Néanmoins, une recherche documentaire sur la RAC dans le secteur minier québécois montre que la RAC en entreprise est bien présente dans ce domaine. On y mentionne que dans un

centre de services scolaire, ce serait 25 % des candidats à la RAC qui participeraient à la démarche à la demande des employeurs en collaboration avec le service aux entreprises du CSS (Bélisle, Supeno et César, 2019). De plus, selon une entrevue faite dans le Journal de Montréal, en 2018, auprès de Caroline Sauvageau, conseillère pédagogique à la RAC au Centre multiservice des Samares à Joliette, on y mentionne que la RAC peut apporter une multitude d’avantages à une entreprise, notamment augmenter sa compétitivité sur le marché du travail et soutenir la qualification de ses employés (Cordier-Chemarin, 2018). Dans un rapport de recherche réalisé dans le cadre d’un projet subventionné, notamment par le MEES, on constatait que la présence de l’employeur dans des démarches apparentées à la RAC québécoise contribuait à l’engagement des adultes jusqu’au diplôme (Bélisle et Fernandez, 2018). Peu de temps après, le même ministère a accordé du financement pour l’élaboration du Guide sur les bonnes pratiques en reconnaissance des acquis et compétences en entreprise (CERAC Beauce-Etchemin, 2020). Ce document, à diffusion restreinte dans le réseau des personnes œuvrant en RAC en FP, présente différents moyens de faire de la RAC dans les entreprises et les rôles de chacun des acteurs.

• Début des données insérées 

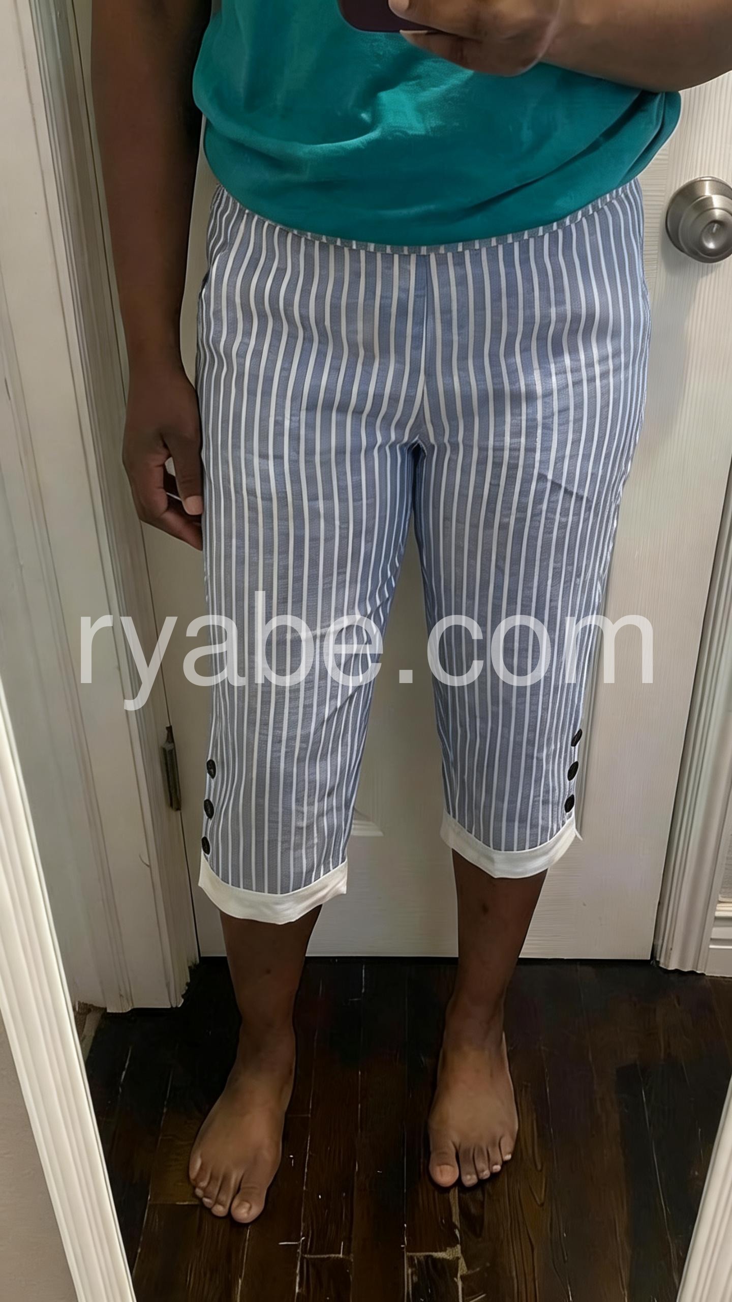 Light Blue Striped Capri Pants

Pourtant, on remarque qu’une personne conseillère d’orientation organisationnelle qui souhaiterait présenter cette possibilité à une entreprise a peu d’information à sa disposition pour le faire, celle-ci semblant circuler dans les cercles restreints des personnes travaillant dans le milieu scolaire. De plus, la population générale ne semble pas avoir connaissance de l’existence de ce partenariat (CERAC Beauce-Etchemin, 2019). Ainsi, il semble pertinent d’explorer comment se fait cette collaboration entre les entreprises et les établissements scolaires en faisant un état des connaissances sur ce que l’on sait à ce jour sur les conditions générales de ce type de collaboration dans des contextes apparentés à la RAC en formation professionnelle québécoise.